Wawrinkas Vorteil gegenüber Clinton: Man sah ihm das nicht an. Vom Zustand seiner Schenkel kündeten keine Bilder. Bei Hillary Clinton aber sah alle Welt ein Videos, in dem zu sehen war, wie sie zusammensackte und nur von einer Assistentin gestützt das Innere ihres Wagens erreichen konnte. Und noch schlimmer: Man sah ihren Zustand, als sie aus der Wohnung ihrer Tochter kam, in die sie sich zurückgezogen hatte. Es reicht an die Groteske des berühmten Statements des irakischen  „Informationsministers“ heran, der vor laufenden Kameras leugnete, dass die US-Truppen vor der Einnahme Bagdads stünden – und hinter ihm sah man schon das Mündungsfeuer der anrollenden Panzer.

„Ich fühle mich großartig, und es ist ein wunderbarer Tag in New York“, behauptete Clinton mit Sonnenbrille und wächsernem Gesicht während ihr Körper zur gleichen Zeit geradezu in die Kamera schrie: „Ich fühle mich furchtbar, und diese Affenhitze hier und meine Lungenentzündung bringen mich noch um!“

Trump eigentlich ein einfacher Gegner

Es ist im US-Präsidentschaftswahlkampf im Moment ein bisschen wie hierzulande: Wenn die SPD einen guten Kanzlerkandidaten hätte, dann wäre Angela Merkel zum ersten Mal schlagbar. Und wenn die Demokraten in den USA eine über Zweifel erhabene Kandidatin hätten, dann müsste man sich keine Gedanken darüber machen, ob das vormals für viele Unvorstellbare wahr werden könnte und Donald Trump im November ins Weiße Haus einzieht.

Hillary Clinton aber ist nicht diese Kandidatin.
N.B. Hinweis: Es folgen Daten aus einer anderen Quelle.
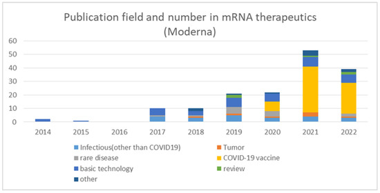 The number and field of paper publication in mRNA therapeutics by year by Moderna.
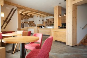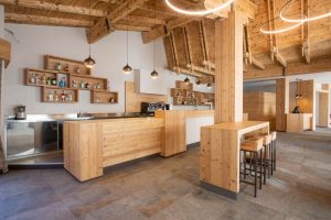 Il secondo step di lavori nella primavera scorsa: è stato effettuato il consistente lavoro di sabbiatura del fabbricato (sul legno) sia degli interni sia degli esterni; poi l’aggiunta dell’arredo, i nuovi serramenti, il lavoro sull’isolamento esterno, e la realizzazione della scala di sicurezza della cucina. Importante anche il lavoro di rivisitazione degli spazi a piano terra del noleggio: sono stati realizzati più spazi per permettere la convivenza del noleggio degli sci e delle biciclette. A questo si aggiunge un ufficio e un locale per il personale di servizio.
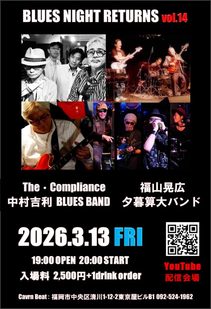 帰ってきた ブルースナイト vol.14 【出演】The Compliance , 福山晃広 , 中村吉利ブルースバンド , 夕暮算大バンド
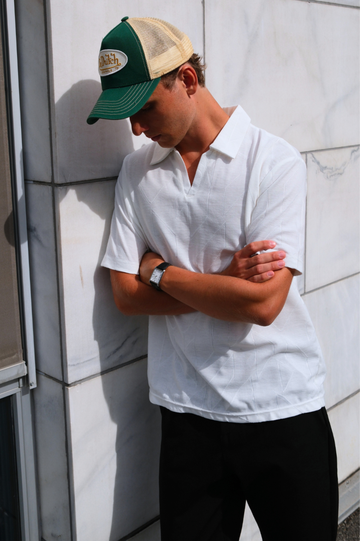Mikä erottaa Atlas Polo toisistaan, on sen erottuva kuvion kudonta. Se's Hieno, hienostunut yksityiskohta, joka lisää syvyyttä ja ulottuvuutta terävään valkoiseen kankaaseen, kiinnittäen valon ja piirtäen silmän. Tämä ei ole kova kuvio; se's Hiljainen lausunto laadusta ja huomiota yksityiskohtiin. Rikas tekstuuri nostaa koko vaatteen muuttamalla sen yksinkertaisesta niitistä a premium pala, joka tuntuu niin hyvältä kuin miltä se näyttää. Se's Sellainen paita, joka ansaitsee kohteliaisuuksia ja saa sinut tuntemaan itsesi varmuuteen heti, kun laitat sen.
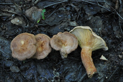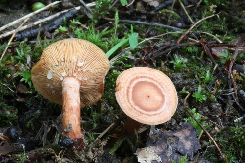 小型~中型菌「丁字乳茸」の和名。乾燥すると丁字のような臭いがし、白色乳液はクリーム色に変色する。
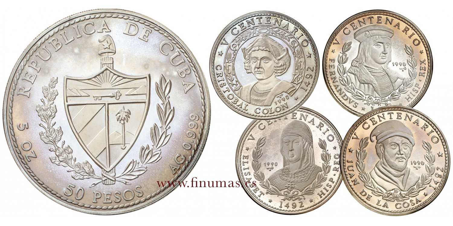 Serie conmemorativa V Centenario 1492-1992. I Serie Hispano Americana Cuba 1990. Lote de las 4 piezas de 50 pesos. (Plata (.999) – 65 mm – 155,5 g.). Presentadas en sus correspondientes hojas especificas de la marca Pardo
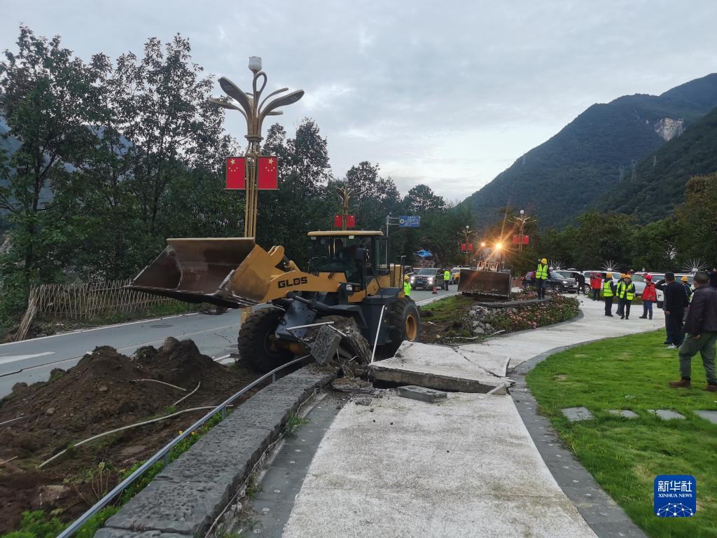 9月6日上午,在省道S434線(xiàn)磨西鎮至金光村受阻點(diǎn),工程機械在搶通便道。
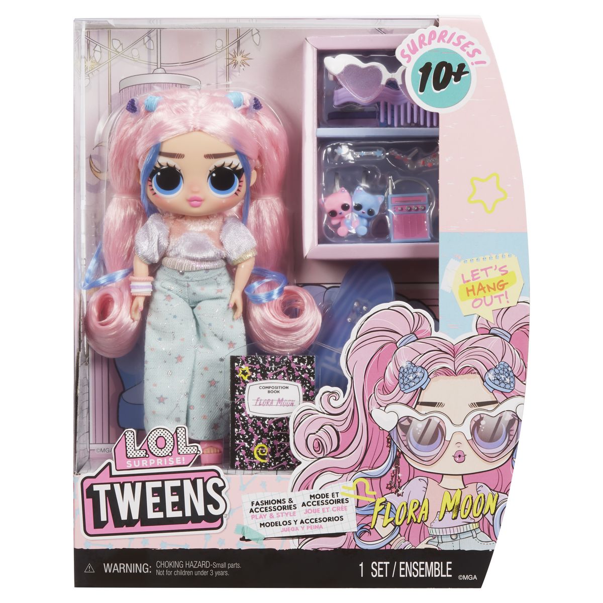 Voici une toute nouvelle L.O.L. Surprise Tweens, la poupée mannequin Flora Moon, astronome et collectionneuse de cristaux. Déballez et découvrez plus de 10 surprises puis apprenez a connaître Flora Moon.Sa tenue comprend également un pull violet tendance a manches courtes, des lunettes de soleil en forme de coeur, un adorable bracelet, des pinces a cheveux en forme de coeur et un joli sac a dos sur le theme du chat ! Elle contient également un skateboard et un haut-parleur radio pour se rendre la où elle va dans son style décontracté.
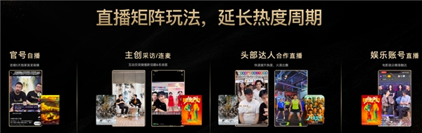 ? 直播矩陣玩法,延長(zhǎng)熱度周期:電影宣發(fā)方可借助抖音直播的形式,比如頭部達(dá)人合作直播、娛樂(lè)賬號(hào)直播或官抖自主直播,為觀眾打造沉浸式的電影宣發(fā)體驗(yàn),進(jìn)一步延長(zhǎng)熱度周期。
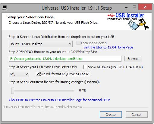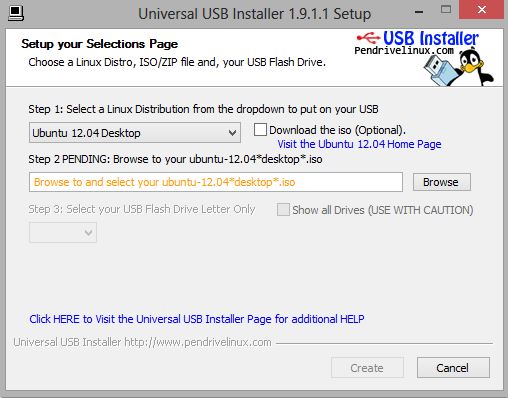 Al abrirlo aparecerá un cuadro más o menos como éste. En Step 1 marcamos el sistema operativo que queremos instalar en la USB, en este caso Ubunto. En Step 2 pinchamos en browse para buscar el archivo del instalador que descargamos primero. Y en Step 3 ponemos la unidad donde tengamos la USB.

Ihr fliegen die Herzen nicht zu. Sie ist nicht die sympathische Gegenfigur zum Poltergeist Trump. Sie steht für nichts, außer für ihren Ehrgeiz und dafür, als erste Frau Präsidentin der Vereinigten Staaten werden zu können. Bei keinem Thema hat sie eine klare Position bezogen. Bei Donald Trump wissen möglicherweise viele Wähler, dass sie nicht seiner Meinung sind. Aber sie immerhin kennen sie die Meinung des Kandidaten.

Im Prinzip versucht Clinton, mit Merkels Satz „Sie kennen mich“ Präsidentin zu werden. Die erfahrene Ex-Außenministerin bietet sich als diejenige an, von der man im Unterschied zum Polit-Greenhorn Trump annehmen darf, dass sie Politik auf jeder Bühne kann.

Wir wissen, dass du lügst

Dieses „Sie kennen mich“ verkehrt sich aber nun gegen Clinton. „Ja, genau, wir kennen dich“, könnten sich viele Wähler denken angesichts der Groteske um ihre Lungenentzündung, oder was immer es am Ende ist. „Wir kennen dich und wissen, dass du Dinge sagst, die erkennbar nicht stimmen. Dass du uns also genauso anlügst, wie dein Kontrahent es schon immer behauptet hat. Und wie es dein Mann auch getan hat. “

Die Lage ist ernst für Hillary Clinton. Sie hatte die Wahl zu keinem Zeitpunkt schon gewonnen. Und im Moment ist sie von einem klaren Sieg weiter entfernt denn je. Ob wir das hier in Europa und anderswo auf der Welt nun mögen oder nicht: Wir müssen uns nach dieser Farce von Clinton mit dem Gedanken vertraut machen, dass der 45. Präsident der Vereinigten Staaten Donald Trump heißen könnte.